View attachment BOTTOM YOKE-3 BALL-DRAWING.PDF


----------



## johnthomp (Aug 7, 2010)

and ill be watching evry move from over my mentors shoulder verry closely as i have just started with the 2 ball governor 
  just one question before i start with the school of hard knocks is it possible to drill and tap the ball bearings out of a large ballrace or are they too hard as i have a lot of those left from replacing the front bearings on my car the other week just thought id save them for this project 
  by the way i loved your last thread on the two ball governor especialy the video of it working 
 i cant wait to see this build and wish the best of luck 
 regards john


----------



## Brian Rupnow (Aug 7, 2010)

John---Don't even think about drilling and tapping a bearing ball. That way lies heartache.
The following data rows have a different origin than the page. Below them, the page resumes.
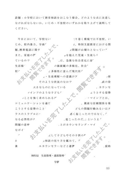 【2017年度最新】S0532 生徒指導・進路指導の研究(初等) レポート 第一設題 A評価 佛教大学
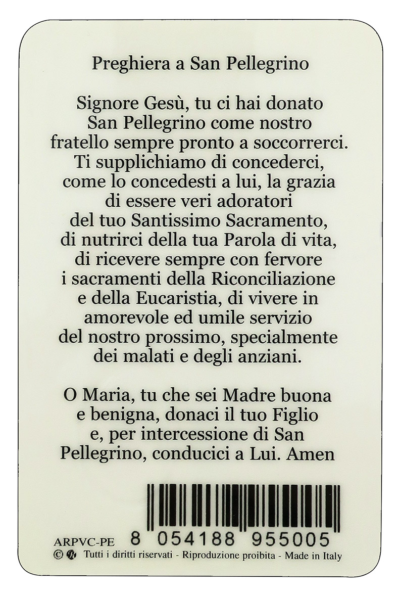 Questa immagine plastificata rappresenta San Pellegrino ed è impreziosita da una medaglia in resina a colori che ha attorno una cornice in argento a caldo.
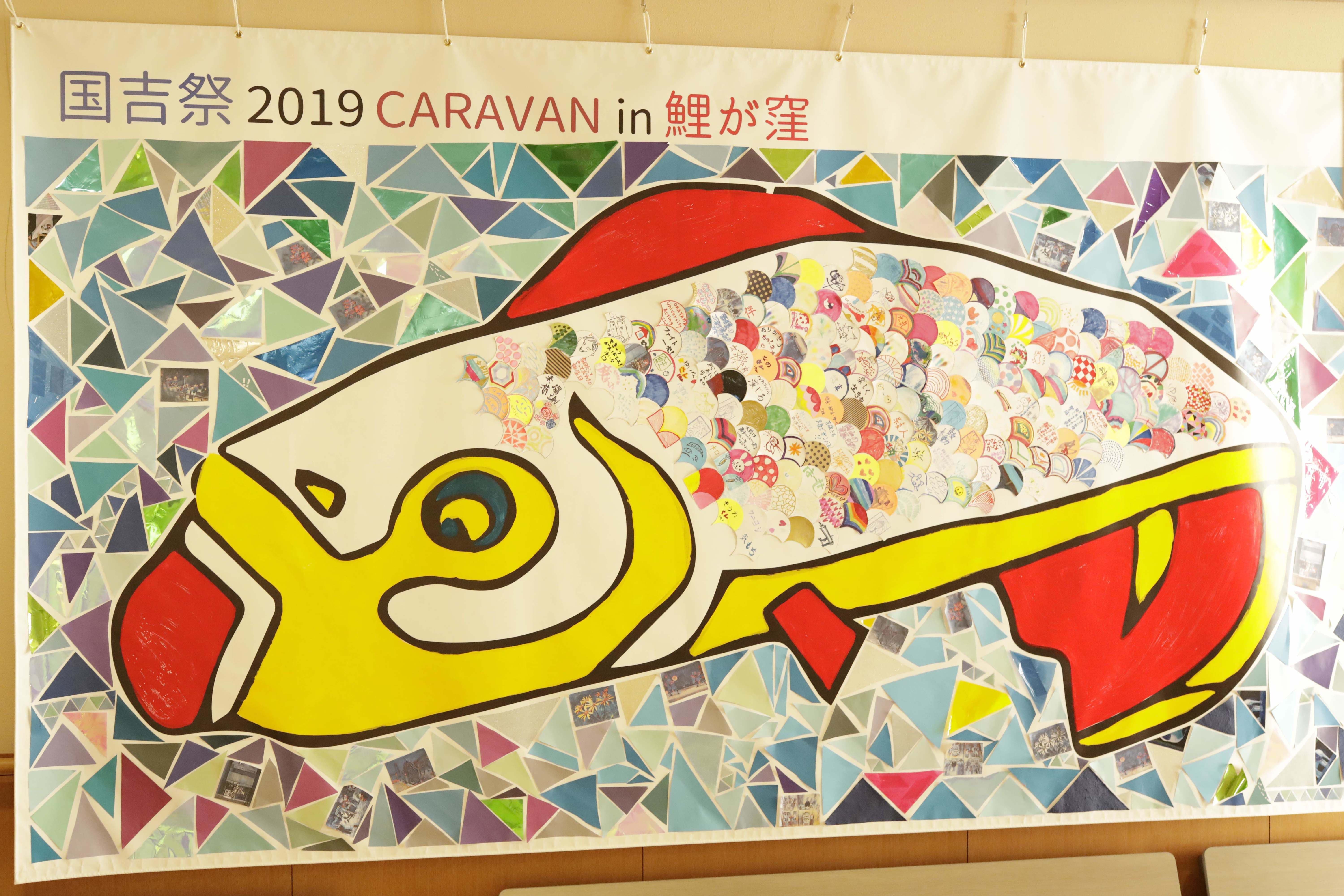 「国吉祭2019CARAVAN in鯉が窪」企画のきっかけであり、鯉が窪の地名の由来、そして観光資源である「鯉のぼり」を、参加者で作るワークショップでした。国吉が描いた鯉の線画を、高さ2m×横幅3.5mの塩化ビニルに印刷し、国吉祭参加者と学生が一緒に壁画の制作に取り組みました。参加者は「鯉」に、色紙で作った鱗を貼りつけ、七夕の短冊のように、自分の好きな言葉、感想などを書きました。鯉のまわりには、鯉が窪地区の祭事である「頭打ち」や、伝統芸能である「神代神楽」の写真を加工したものを貼り付け、国吉が描いた鯉が、鯉が窪を泳いでいるような壁画を制作。この壁画は、現在も、きらめき広場哲西に展示されています。
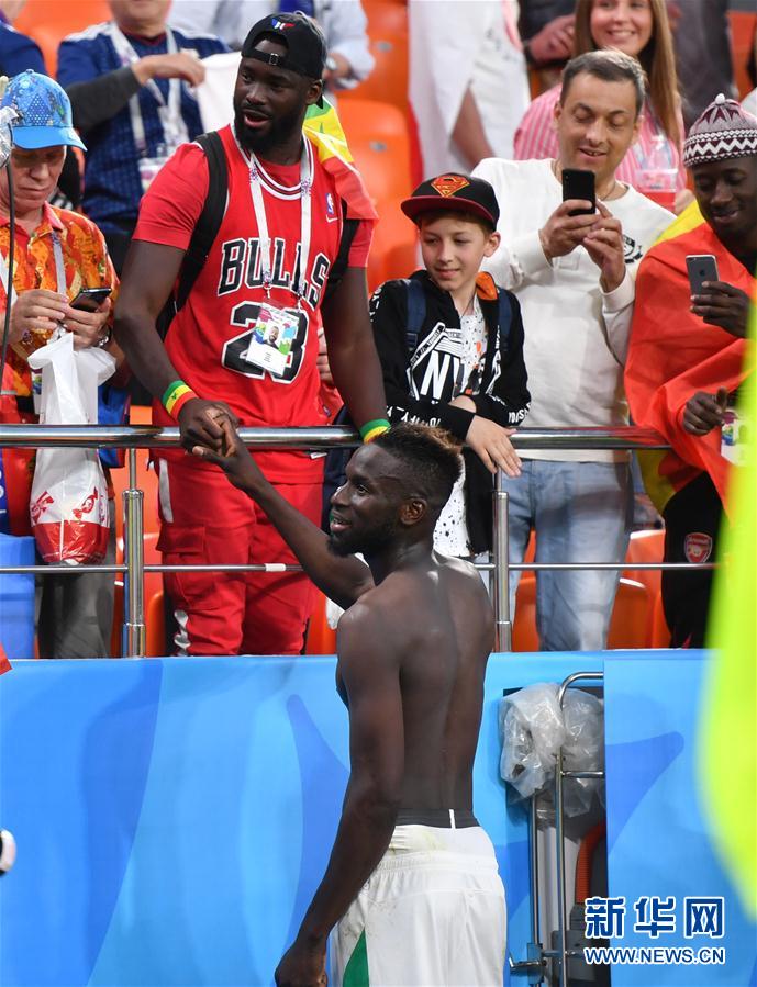 6月24日,塞内加尔队球员萨·萨内赛后将球衣送给球迷。当日,在叶卡捷琳堡进行的2018俄罗斯世界杯足球赛H组小组赛中,日本队以2比2战平塞内加尔队。 新华社记者刘大伟摄

Buy some brass balls from McMaster Carr.


----------



## johnthomp (Aug 7, 2010)

cheers fella i might just get some brass ones from the local gun shop he sells them in packs of 30 for £5 for use in catapult's atleast ill have a few to go at if i get it wrong 
  :big:
regards john


----------



## cidrontmg (Aug 7, 2010)

If you heat bearing balls to cherry red, keep there for some hours, and let cool slowly, they can be drilled just fine. I put my bearing balls to a tin can (ex-sardines), into the central heating oven (works with wood), and let them stay there overnight. Btw, it´s 00.30 hours atm, it´s 38C out- and inside my shop, so I won´t be doing that another time, for prolly some months. But I´ve got plenty of soft balls left...

I´ve drilled + tapped holes to lots of balls from bearings when I´ve made ball handles for various things. Here´s some I made to my lathe: the top slide (G. Thomas mod) and carriage locks. Though a bearing ball, the big one of the carriage lock (24 mm) never actually was in a bearing. But it was also glass hard. It got the same heat treatment, and afterwards was a joy to drill and tap, as were the rest. And many others


----------



## Brian Rupnow (Aug 7, 2010)

And how many did you drill and tap for 1/8" diameter threads????


----------



## johnthomp (Aug 7, 2010)

nice idea and method but i think ill try that another time might try and anneal some balls while ive got the wood fired furnace going with a shovel of coal it stays hot all night but i think ill settle for brass ones for me first attempt at this mate 

brian i am pleased to announce that ive finaly made a viable pattern for the main frame of the 2 ball governor and it works in the kids sandpit all i need to do now is get it cast although ive done it 1/3 smaller than the drawings coz i stuffed up trying to convert the imperial measurements to metric :wall: im still going to carry on with it though as its me first time building a governor and i dont particularly wish to spend another 8 hours straight filing down another lump of maple floorboard 
  best regards john


----------



## doc1955 (Aug 7, 2010)

I'm thinking as Brain either buy some or turn up some brass balls but to go through annealing process and drill a bearing ball seems like a lot of extra work. 
But then I some times get some thing in my head and I just have to prove to myself I can do it myself. :big: :big:


----------



## cidrontmg (Aug 7, 2010)

Brian Rupnow  said:
			
		

> And how many did you drill and tap for 1/8" diameter threads????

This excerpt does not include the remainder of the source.